Как отпашемся, отсеемся,
Любого запляшу.
 
   Нюта ступила шаг к рампе, жарко, лукаво блеснула глазами куда-то в зал.
 
Мой миленочек в Омшанах
В техникуме учится.
Ой, хороший инженер
Из него получится!
 
   И тут Марфа увидела Валерия: курчавый затылок, красное, горевшее ухо, спину в чистой праздничной рубахе. По напряженной позе сына она почувствовала, что парень сейчас весь обращен во внимание. Марфа тихонько засмеялась, вздохнула, медленно сошла с балкончика, и, пока вынимала из сиденья кабины ручку, заводила автомашину, ее провожала песня:
 
Лети, голубь, через прорубь,
Через дальнее село... [4]
 
   Солоухина вновь вывела «ЗИС» на главную мощеную улицу деревни и продолжала рейс на элеватор.

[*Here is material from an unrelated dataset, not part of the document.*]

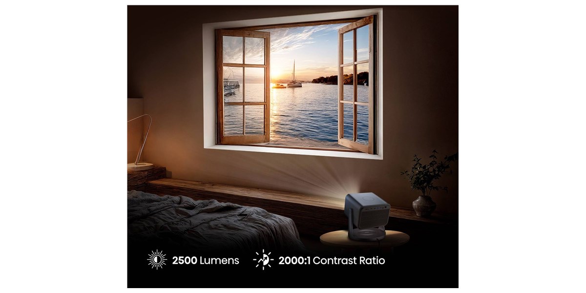 Avec 2500 lumens, il garantit une image lumineuse et lisible, même dans une pièce légèrement éclairée. Cette puissance permet de conserver un excellent niveau de détail sur les très grandes images.

Ярко освещенные окна клуба, сонные избы Милечкина, глухие сады — все потонуло сзади во тьме. Зорко вглядываясь в лунную дорогу, Марфа думала:
   «Ночь, самое бы отдохнуть, а Валерику, Нюте всей этой колхозной молодежи веселье. У них своя жизнь. Завтра чуть свет в поле». Ну и что? Не такой ли она была в девках? Только жизнь тогда не баловала. На посиделках от махорочного дыма хоть коромысло вешай, развлечения — одни семечки.

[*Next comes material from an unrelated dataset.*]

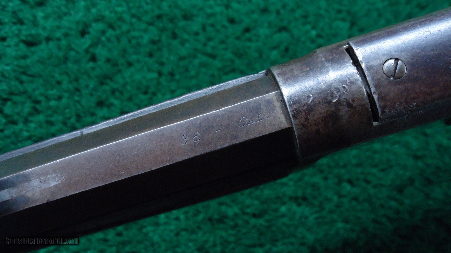 Description: 28 inch full octagon barrel chambered in 38 WCF caliber with a full length magazine tube. The gun is sighted with an "1873" marked ladder rear sight and German silver blade front sight. Excellent bore with sharp rifling. Bright and shiny. Original wood has a rifle style butt plate and is in very nice condition with the usual dings and mars maybe more so on one side of the forearm than the other. Must have been bounced around on a wagon or something. Overall metal is very nice with 30%-40 barrel blue and mag blue turning brown. Receiver has about 10-15% original blue turning a plum coloration. Mechanical condition is excellent with original dust cover. Leroy Merz Antique Firearms specializes in antique and vintage Winchesters and other fine American firearms. Since 1965 Mr. Merz has taken part in the world of firearms and has been a contributor to many well known reference books. We have hundreds of additional guns in every price range at our home online. Search for Merz Antiques in google. SOLD Antique: Yes Rifle Caliber: .38-40 Winchester |

   Восток уже начал светлеть — коротка июльская ночь, заря с зарей сходятся, — когда автомашина подошла к деревянному мосту через реку Сейм, задернутую предутренним туманом. Неожиданно злой красный огонек, словно вывороченный глаз, перегородил грузовику путь. Глаз оказался фонарем, подвешенным на шлагбаум. Проезд был закрыт.
   От будки не спеша подошел седобородый сторож в телогрейке, валенках.
   — Заворачивай! Ай не видишь? Пруться на запретный свет, чисто мотыли.
   — Отец, — озадаченно сказала Марфа, — чего мост-то закрыли?
   — Тебя забыли спросить.
   Старик зевнул. Голос у него спросонок был сердитый.
   — Куда же теперь мне объезжать?
   — Грамотная? Читай, вон для этого указка выставлена. На старый переезд, вот куда. Что я вам, докладчик, всем докладывать? Аль ты нездешняя, с планеты Улан? Погоняй, погоняй, тут всего три километра. Пруться, как мотыли...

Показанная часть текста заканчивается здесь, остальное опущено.